My own hometown of Nizhny Novgorod has been in mourning over another heartbreaking COVID-19 casualty at the local hospital. Pavel Medynsky, a brilliant cardiologist and father of two, was only 48 years old when he died on Oct. 11. Before catching the virus, he was strong and healthy. Medynsky had gotten his first dose of Sputnik V last month, but while waiting for the second shot of the vaccine, he went in for surgery to treat his hernia at Nizhny Novgorod Regional Clinical Hospital. “His colleagues and doctors believe he had gotten infected with COVID-19 at the hospital,” Tatiana Sinicyna, Medynsky’s longtime friend, told The Daily Beast. “Pavel had a high temperature the day after the hospital sent him home. Somebody has to check what happened.”
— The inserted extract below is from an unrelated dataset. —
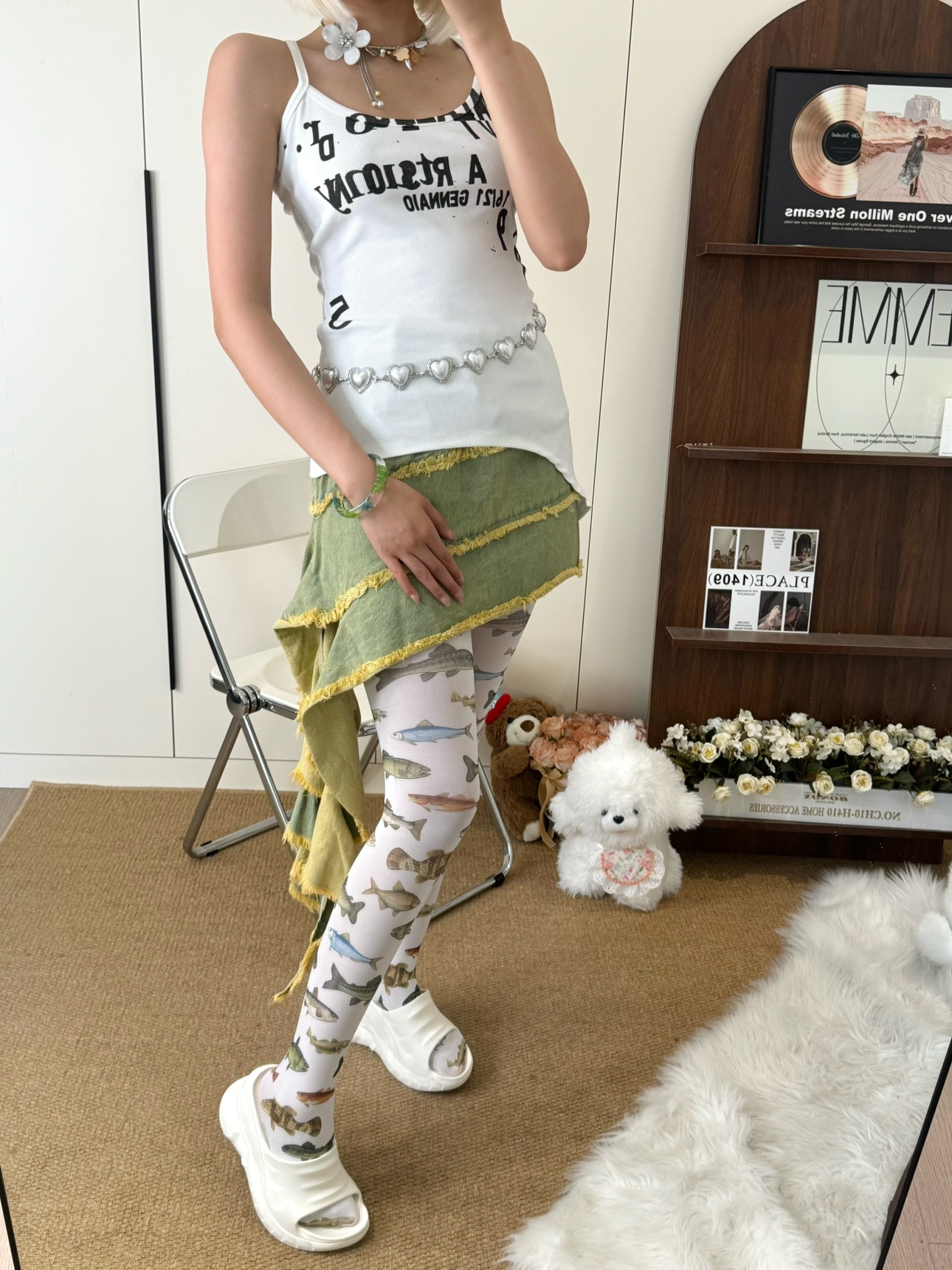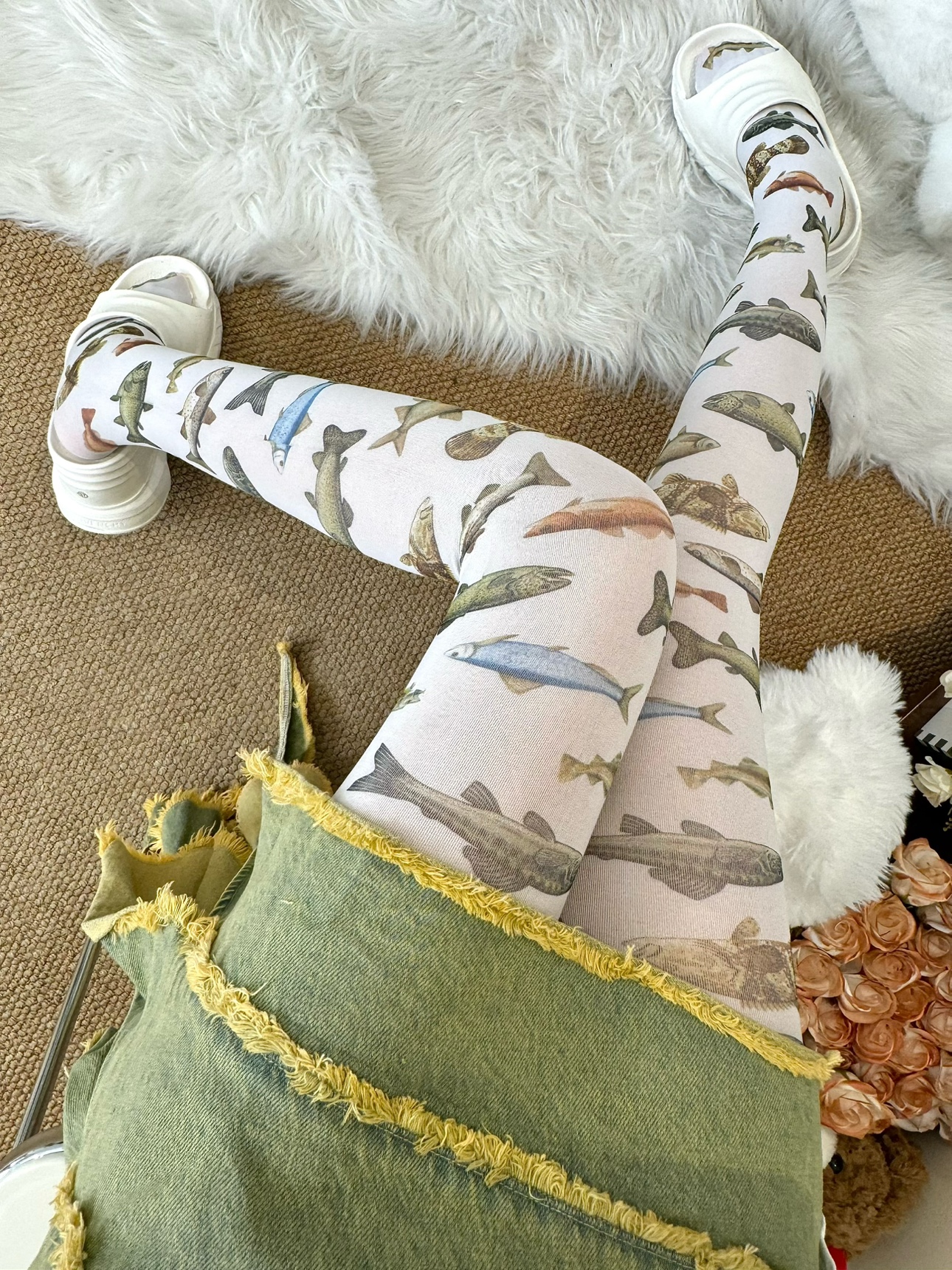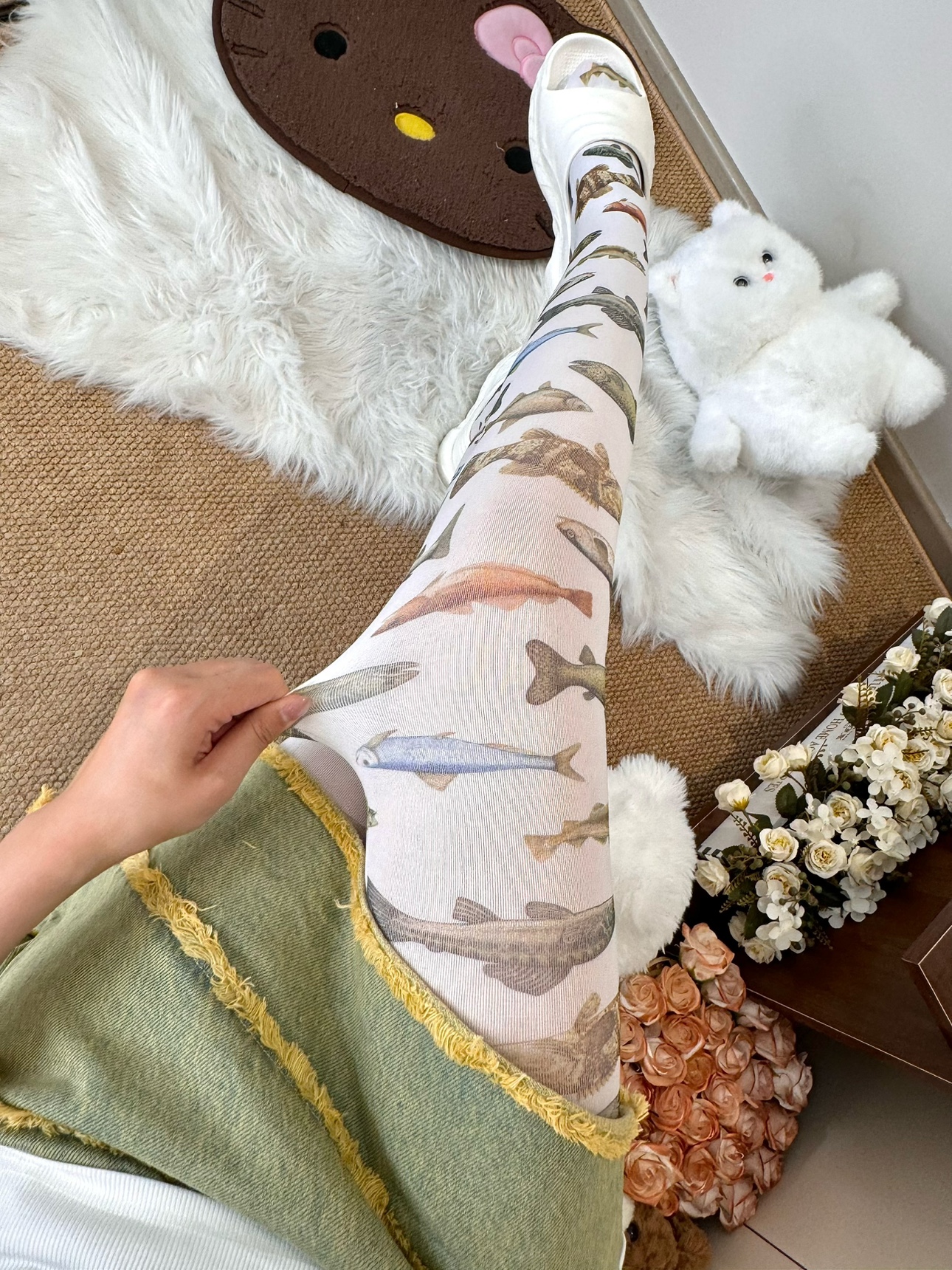 BON 自然海洋彩色热带鱼印花打底袜高级白色丝袜个性y2k辣妹穿搭 [Original Page Link]

On Sunday, another COVID-19 tragedy rocked St. Petersburg. A 36-year-old orthodontist, Daria Khorovskaya, fell to her death after jumping out of the window of her COVID-19 ward on the ninth floor of the Yelizavetinskaya Hospital. Shortly before the tragedy, Khorovskaya’s parents, both accomplished doctors, had died of the virus. Khorovskaya had reportedly admitted with COVID-19 just two hours after her mother died. So far, there has not been any public response by the hospital.

“One thing I don’t understand is how doctors could allow Khorovskaya to die on their watch?,” a St. Petersburg family doctor, Yelena Alekseeva, told The Daily Beast. “They knew about her tragedy but obviously left the heartbroken patient alone.”

Despite about a thousand Russians dying every day from COVID-19, the majority of citizens remain skeptical about vaccination, with some going so far as to claim that the jabs are part of some diabolical masterplan to kill off the population.

“Clearly, the world’s leaders have invented this virus to reduce the population down to the ‘golden billion,’” a 32-year-old Moscow cameraman, who requested to be identified only by his first name, Aleksey, told The Daily Beast on Tuesday. “Every time I ask a doctor about Sputnik V, they talk me out of getting vaccinated.”